Beberapa anggota Heiho bahkan mendapat pelatihan khusus untuk mengoperasikan senjata antipesawat, tank, artileri, dan mengemudi. Lulusan pertama Seinen Dojo antara lain Umar Wirahadikusumah, A. Kemal Idris, R.A. Kosasih, dan Daan Mogot. Secara keseluruhan, Heiho dianggap sebagai organisasi dengan pelatihan militer paling intensif dibandingkan organisasi lain pada masa itu, termasuk PETA.
PETA
Karena kehadiran Heiho belum cukup memenuhi kebutuhan militer Jepang, kemudian dibentuklah PETA (Pembela Tanah Air) pada 3 Oktober 1943. Pembentukan ini diinisiasi secara formal melalui surat yang diajukan oleh Gatot Mangkupradja kepada Gunseikan, kepala pemerintah militer Jepang.
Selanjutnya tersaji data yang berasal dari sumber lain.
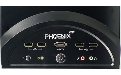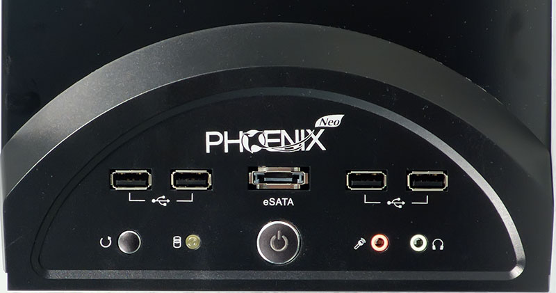 В состав блока входят: 4 порта USB, порт eSATA и 2 аудиоразъема. Порты USB расположены двумя парами, возможно одновременное использование двух устройств с габаритной околоконнекторной частью. Размер кнопок включения и перезагрузки вполне комфортен для использования владельцами пальцев любого размера, кнопки имеют небольшой люфт в продольной плоскости, но он не обращает на себя внимание и не мешает.

PETA dirancang seolah-olah sebagai inisiatif rakyat sendiri dan disambut antusias oleh para pemuda, termasuk mereka yang sebelumnya terdaftar di Seinendan.
Berbeda dengan Heiho, PETA tidak dimasukkan ke dalam struktur militer Jepang secara resmi. Organisasi ini berfungsi sebagai pasukan gerilya yang membantu Jepang menghadapi serangan mendadak dari musuh.
Dalam PETA terdapat jenjang kepangkatan yang terdiri atas daidanco (komandan batalyon), cudanco (komandan kompi), shodanco (komandan peleton), bundanco (komandan regu), dan giyuhei (prajurit sukarela). Posisi perwira umumnya diisi oleh tokoh masyarakat yang terkemuka, sedangkan posisi di bawahnya diisi oleh guru, pelajar sekolah lanjutan, hingga pelajar sekolah dasar berdasarkan jenjangnya.
Untuk menjadi perwira, calon anggota mengikuti pendidikan khusus yang berlangsung di Bogor dengan nama Korps Latihan Pemimpin Tentara Sukarela Pembela Tanah Air di Jawa (Jawa Boei Giyugun Kanbu Kyoikutai). Setelah pelatihan, para perwira ditempatkan di berbagai daerah di Jawa, Madura, dan Bali.
Hingga akhir masa pendudukan Jepang, diperkirakan terdapat sekitar 37.000 anggota PETA di Jawa dan 20.000 di Sumatra, di mana PETA lebih dikenal dengan sebutan Giyugun atau prajurit sukarela. Salah satu tokoh penting yang pernah menjadi anggota PETA adalah Jenderal Sudirman, yang kemudian menjadi panglima besar dalam perjuangan kemerdekaan Indonesia.